Stephen M. Bainbridge from UCLA, Tamar Frankel from Boston University School of Law, Sean J. Griffith from Fordham Law School, Lawrence Hamermesh of Widener University Delaware Law School, M. Todd Henderson of the University of Chicago Law School, and Jonathan R. Macey of Yale Law School have filed the amicus brief.
What is the primary argument of the amicus brief?
The brief argues that for tokens listed on Coinbase to be considered investment contracts, there must be some contractual undertaking for investors. The professors support this claim through a historical examination of securities laws and case law, emphasizing that investment contracts have consistently required contractual undertakings to deliver future value.
How does Coinbase’s view align with the law professors’ stance?
Coinbase agrees with the law professors’ view that an investment contract can only be recognized if it involves an ongoing business enterprise with management having enforceable obligations to investors.
What is the SEC’s stance on investment contracts, and how does it differ from the law professors’ perspective?
The SEC believes that even in the absence of a contractual obligation, an arrangement might qualify as an investment contract.
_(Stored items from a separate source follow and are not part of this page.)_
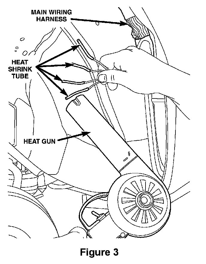9. Place a piece of heat shrink tube over each individual wire end and heat the shrink tube until glue comes out of both ends of the shrink tube (Figure 3).
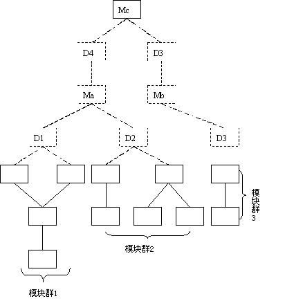 下图说明了上述过程。首先“原子”模块被分为三个模块群,每个模块群引入一个驱动模块进行测试。因模块群1、模块群2中的模块均隶属于模块Ma,因此在驱动模块D1、D2去掉后,模块群1与模块群2直接与Ma接口,这时可对MaD3被去掉后,M3与模块群3直接接口,可对Mb进行集成测试,最后Ma、Mb和 Mc全部集成在一起进行测试。
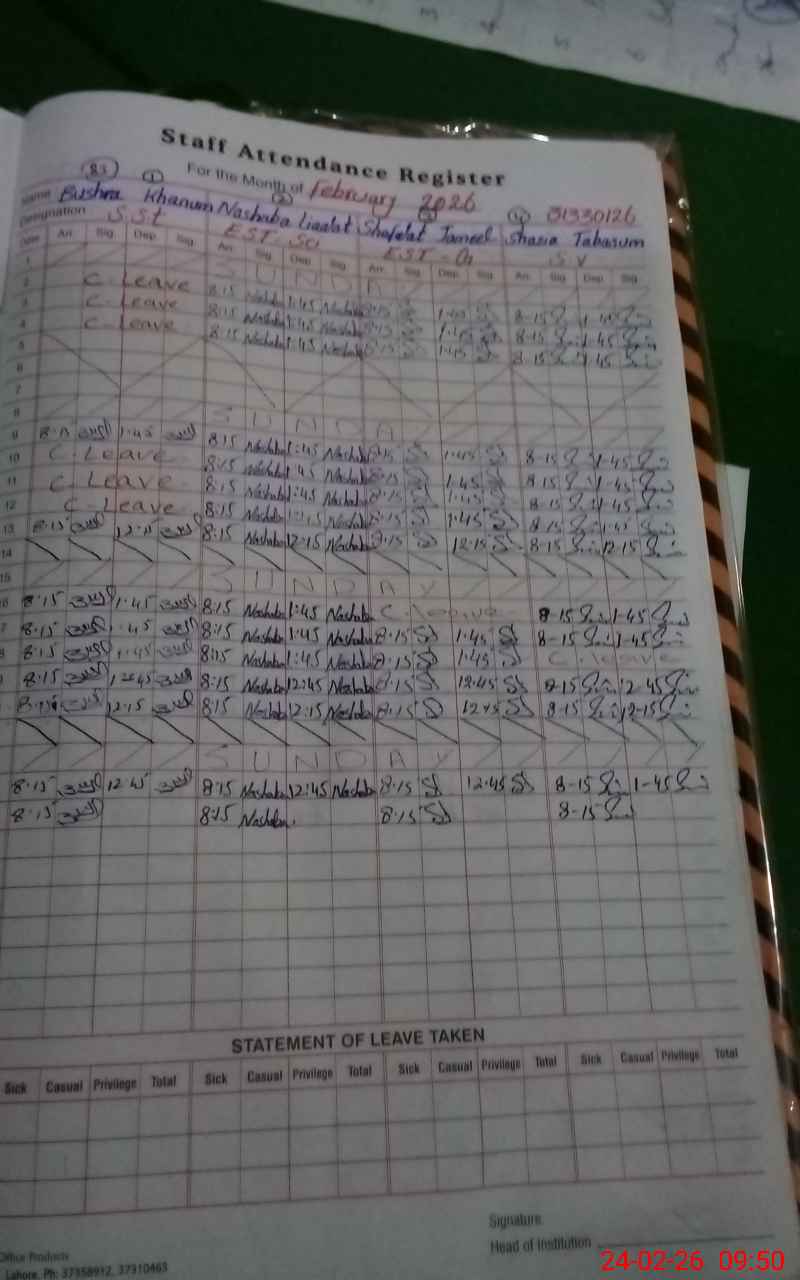 | Name: BU**** KH**** Designation: (School Headmaster's/Headmistress's) S.S.T.(genral) Phone/Cell Number: 03**** |
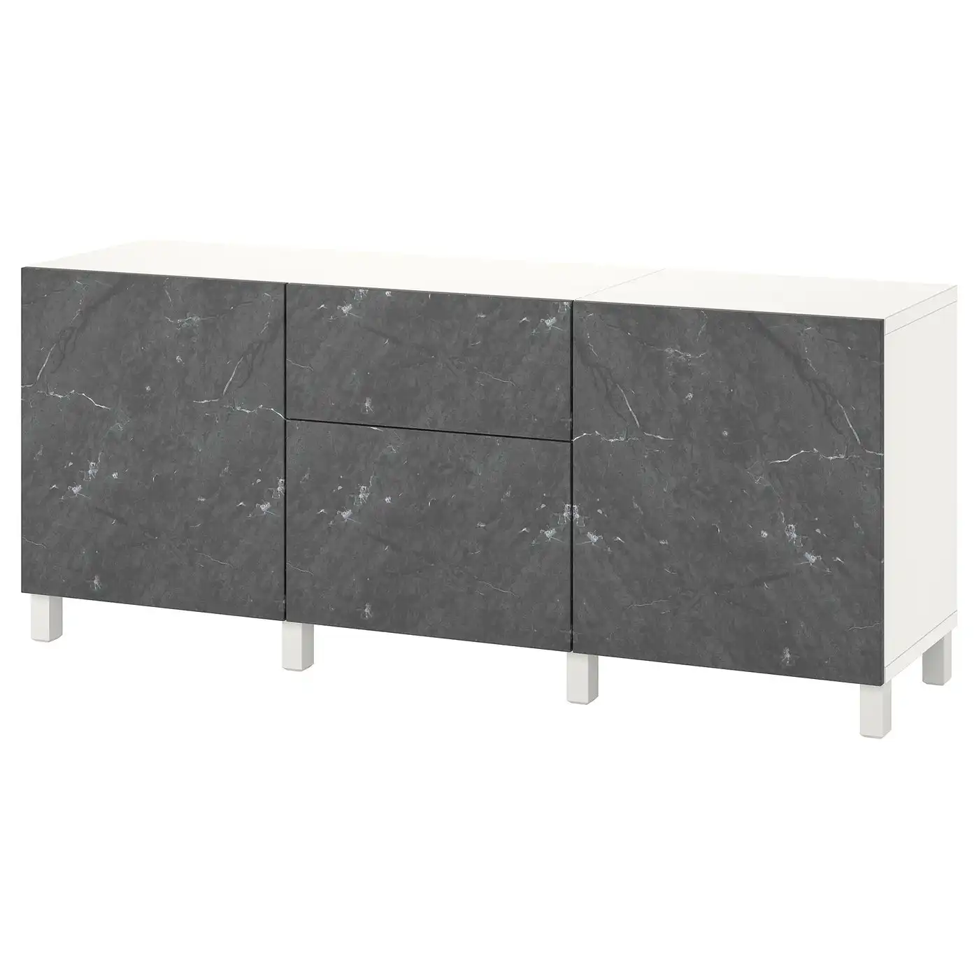 BESTÅ Storage combination with drawers - white Bergsviken/Stubbarp/black marble effect 180x42x74 cm
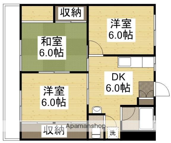 | 間取り詳細 | DK(6帖)、洋室(6帖)、洋室(6帖)、和室(6帖) | ||
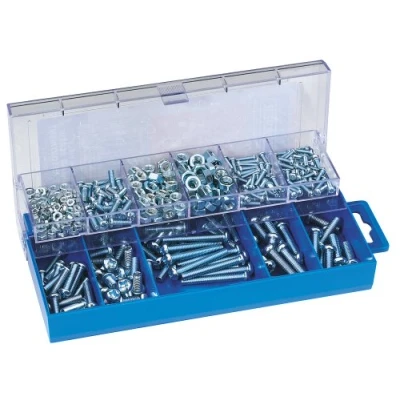 General description This product is an assortment of popular size panhead screws and hexagon nuts with a plated finish for corrosion protection. It is designed for various DIY and home improvement projects, providing a convenient set of fasteners in one package. Technical specifications Contains 366 pieces of panhead screws and hexagon nuts Made with a plated finish to resist corrosion Dimensions of the storage case: 205 x 105 x 45 mm Compatibility and accessories Suitable for use with various materials and projects requiring standard fasteners Includes a plastic storage case with a transparent lid for easy organization and access Installation Use appropriate tools such as screwdrivers or wrenches to install screws and nuts Ensure the correct size and type of fastener are used for your specific application Usage Ideal for assembling, repairing, or fastening components in DIY and home improvement tasks Keep the set organized in the storage case for quick access during projects
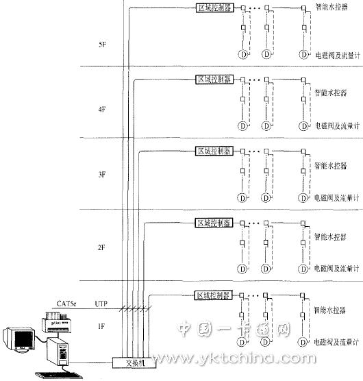每層樓的弱電間內(nèi)安裝一個區(qū)域控制器 每幢樓的區(qū)域控制器通過一個交換機接入學校“一卡通”主干網(wǎng) 與上層清算系統(tǒng)進行數(shù)據(jù)交換。每個區(qū)域控制器可掛3條RS485總線,但為施工方便 在本項目實際中只需用到兩條即可,左右每條RS485線非別上”手拉手”接入20個智能節(jié)水控制器。每個節(jié)水控制器上再外接水表、電磁閥等設備 完成對寢室用水的控制。安裝示意圖見圖3。
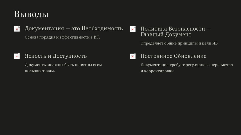 ВыводыДокументация — это Необходимость
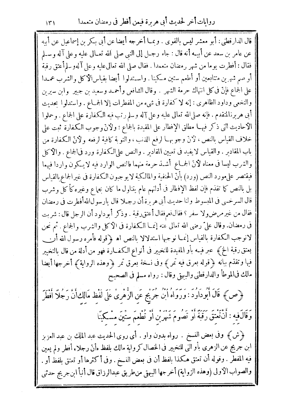 قال الدارقطنى: أبو معشر ليس بالقوى. وبما أخرجه أيضا عن أبى بكر إسماعيل عن أبيه عن عامر بن سعد عن أبيه أنه قال: جاء رجل إلى النبي صلى الله تعالى عليه وعلى آله وسلم فقال: أفطرت يوما من شهر رمضان متعمدا. فقال صلى الله تعالى عليه وعلى آله وسلم أعتق رقبة أو صم شهرين متتابعين أو أطعم ستين مسكينا. واستدلوا أيضًا بقياس الأكل والشرب عمدا على الجماع فإنّ فى كل انتهاك حرمة الشهر. وقال الشافعى وأحمد وسعيد بن جبير وابن سيرين والنخعى وداود الظاهرى: إنه لا كفارة فى شئ من المفطرات إلا الجماع. واستدلوا بحديث أبى هريرة المتقدم. فإنه صلى الله تعالى عليه وعلى آله وسلم رتب فيه الكفارة على الجماع. وحملوا الأحاديث التى ذكر فيها مطلق الإفطار على المقيدة بالجماع؛ ولأنّ وجوب الكفارة ثبت على خلاف القياس بالنص, لأنّ وجوبها لرفع الذنب, والتوبة كافية لرفعه ولأنّ الكفارة من باب المقادير. والقياس لا يفيد فى تعيين المقادير. والنص على الكفارة ورد فى الجماع. والأكل والشرب ليسا فى معناه لأنّ الجماع أشدّ حرمة منهما فالنص الوارد فيه لا يكون واردا فيهما فيقتصر على مورد النص (ورد) بأنّ الحنفية والمالكية لا يوجبون الكفارة فى غير الجماع بالقياس بل بالنص كما تقدم فإن لفظ الإفطار فى أدلتهم عام يتناول ما كان بجماع وغيره كأكل وشرب قال السرخسي فى المبسوط ولنا حديث أبى هريرة أن رجلا قال يا رسول الله أفطرت فى رمضان فقال من غير مرض ولا سفر؟ فقال نعم فقال أعتق رقبة. وذكر أبو داود أن الرجل قال: شربت فى رمضان. وقال عليّ رضى الله تعالى عنه إنما الكفارة فى الأكل والشرب والجماع. ثم نحن لا نوجب الكفارة بالقياس إنما نوجبها استدلالا بالنص اهـ.
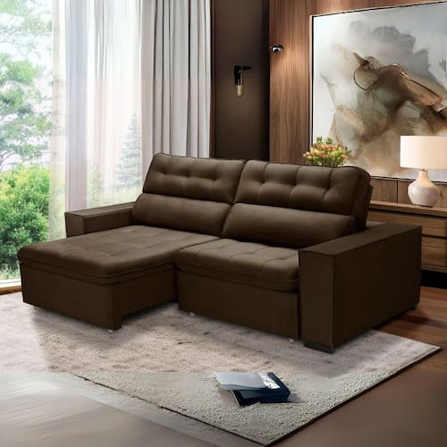 Sofá Retrátil e Reclinável 2 Lugares 2,30m Vitória em Veludo Marrom
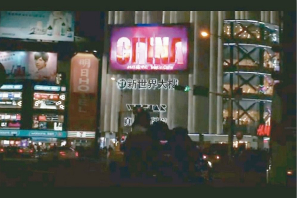 央视宣传片在台湾西门町商业区播放。(图片来源:台湾《联合报》)
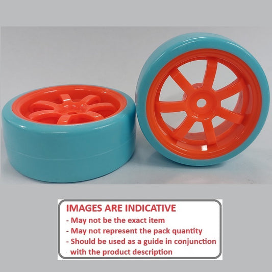 RC Car Wheels Hobby - Rim Colour Fluoro Orange 7 Spoke - Blue Tenth Scale - Plastic Wheel 1 pack (2 pcs) Available Now | Item Discontinued - Up to 1 may be ordered online. No backorders. Please contact us if you need a larger quantity Regular price
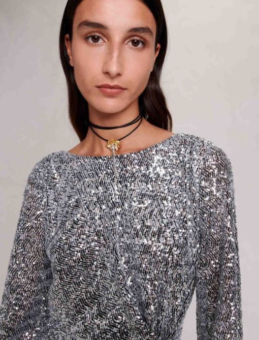 Maje femmes robe à paillettes 288PF024 vêtements argent
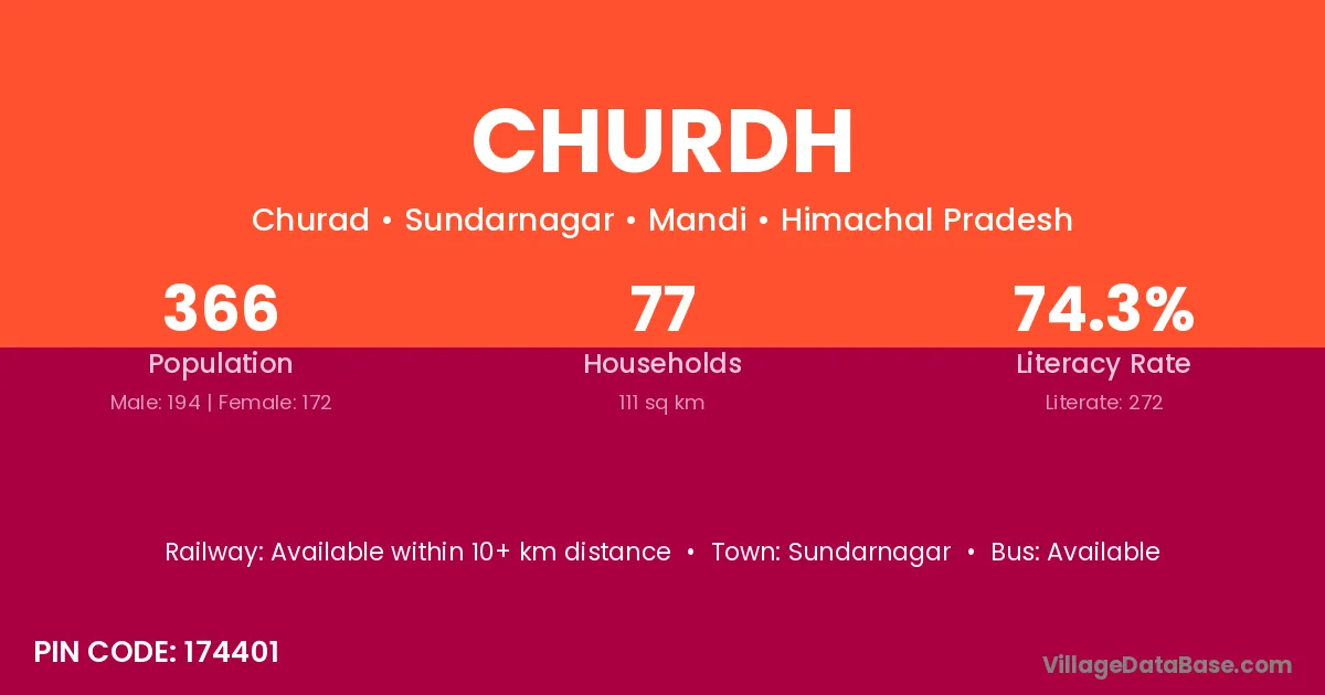 Churdh village has a total population of 366 people, of which 194 are males and 172 are females.
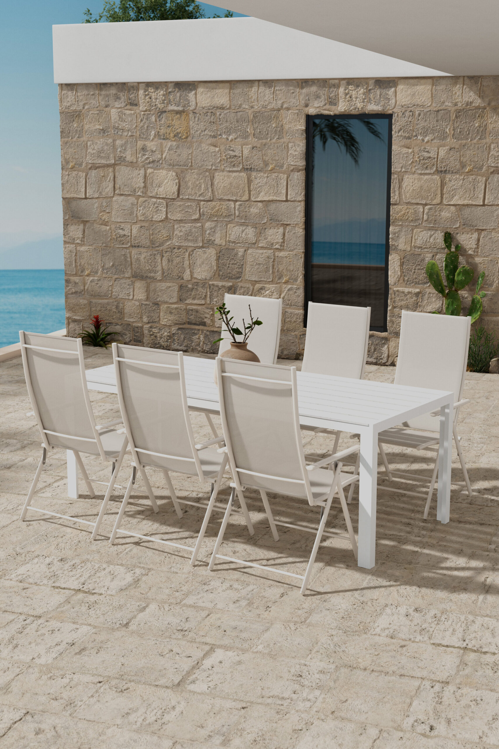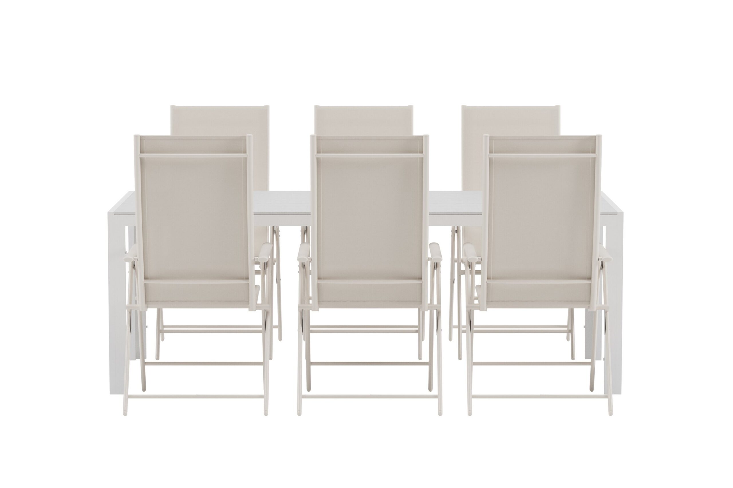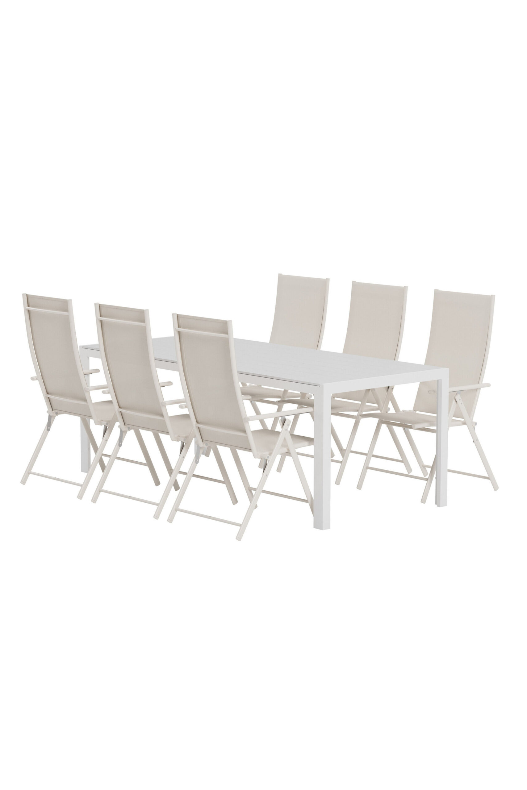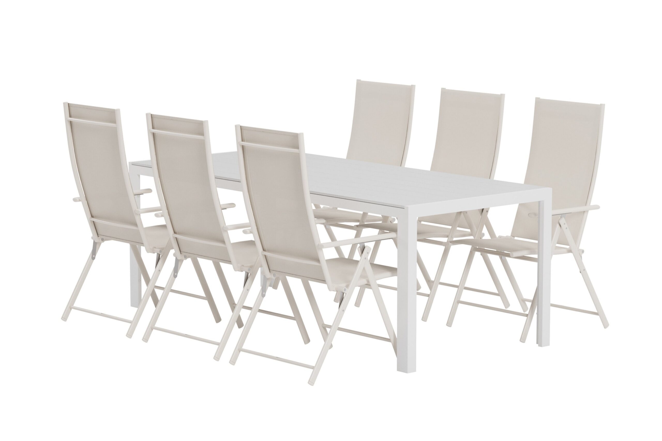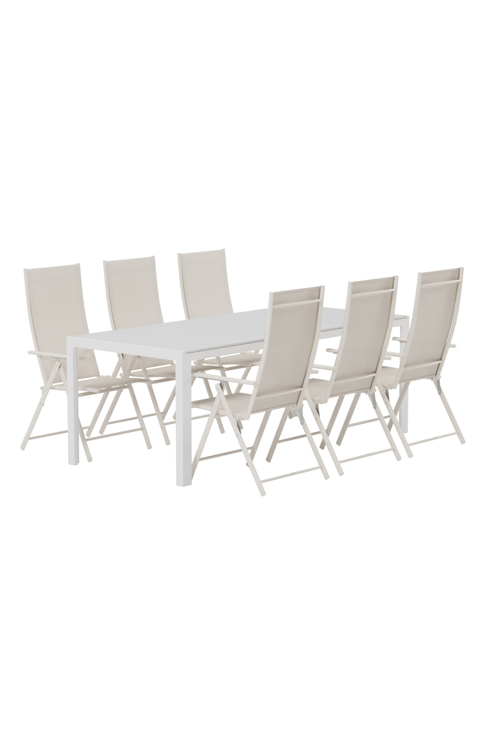 Selle kuuest Lavenzo söögitoolist ja ristkülikukujulisest Break söögilauast koosneva söögikomplektiga looge elegantne väljas einestamisnurk. Lavenzo toolidel on kaasaegne beež terasraam ja mugav tekstiilist iste. Need on kokkupandavad, et neid oleks lihtne hoida, ja neil on reguleeritav seljatugi, mis lisab mugavust nii söömise kui ka lõõgastumise ajal.

This view contrasts with the law professors’ interpretation, as they argue that a settled meaning of investment contracts requires contractual commitments to provide future value.
What historical laws are mentioned as an influence on current securities law?
The law professors refer to “blue sky laws” as an inspiration for the current framework of securities laws. These laws sought to protect investors against securities fraud and typically relied on contractual arrangements between issuers and investors.
5 comments
It’s about time some experts stepped in. these issues around tokens and investments are confusing. Need clarity ASAP! Howey test? blue sky laws? What next?
I’m totally with Coinbase on this. Contracts must be respected and SEC can’t just change things, can they? Super interesting.
Wow, these professors really know their stuff! makes u think about how complex law can be. what will SEC say to this?
So many big names frm law schools. Must be something serious. i wonder how this will affect other crypto platforms.
This is huge for the crypto community. But I’m still confused about some of the legal terms they used. Could someone explain in simple english?